The traveling tales are about to continue and Michelle will now spend the next three months with Rohan Taylor at Carey Aquatic in Melbourne before deciding on which US university to attend for the next two years while she completes her degreee in chemistry and anthropology after spending two years at Kenyan College.
"It's between Cal-Berkley, Arizona, Alabama or Northwestern (Chicago) and I have to decide by November 1," said Engelsman.
"At this stage I will return to Australia in March for the World Championship Trials and my long term goal is to swim for Australia at the 2004 Olympics in Athens.
"I set myself for this year's Olympic Trials and finished fifth in the 50m freestyle but swimming this fast has been a real bonus for me.
"I have only been swimming seriously for the past 18 months so this really is the start of my career."

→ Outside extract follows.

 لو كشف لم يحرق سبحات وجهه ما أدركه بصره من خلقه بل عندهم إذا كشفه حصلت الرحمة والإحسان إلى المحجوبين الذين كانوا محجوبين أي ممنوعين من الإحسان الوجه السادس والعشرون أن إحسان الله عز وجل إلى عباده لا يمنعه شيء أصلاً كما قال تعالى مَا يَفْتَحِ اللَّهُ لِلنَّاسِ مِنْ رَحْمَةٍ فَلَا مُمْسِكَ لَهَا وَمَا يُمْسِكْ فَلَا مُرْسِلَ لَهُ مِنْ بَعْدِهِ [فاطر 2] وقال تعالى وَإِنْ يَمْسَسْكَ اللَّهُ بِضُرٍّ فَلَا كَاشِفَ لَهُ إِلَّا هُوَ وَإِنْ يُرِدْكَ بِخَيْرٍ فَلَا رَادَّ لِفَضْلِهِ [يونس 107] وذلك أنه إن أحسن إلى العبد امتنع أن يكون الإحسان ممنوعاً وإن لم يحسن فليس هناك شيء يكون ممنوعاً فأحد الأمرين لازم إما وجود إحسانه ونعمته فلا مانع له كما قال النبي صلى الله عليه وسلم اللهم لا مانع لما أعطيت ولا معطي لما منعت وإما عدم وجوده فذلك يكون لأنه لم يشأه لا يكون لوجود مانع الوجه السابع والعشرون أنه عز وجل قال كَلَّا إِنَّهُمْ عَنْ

In other events tonight, Brisbane butterflyer Greg Shaw broke through for his first national title, to win the 200 meter butterfly over 1996 Olympic bronze medalist Scott Goodman and 2000 Olympian Heath Ramsay in a time of 1:55.87; veteran Phil Rogers chalked up his 10th Australian title in the 100 meter breaststroke.
Meanwhile Australia's newest world record holder Matt Welsh again looked impressive in the semi-finals of the 100m backstroke, clocking 51.94, only just outside his own Australian record.
He will swim the final when the Telstra Australian Short Course Championships conclude at the Melbourne Sports and Aquatic Centre on Sunday night.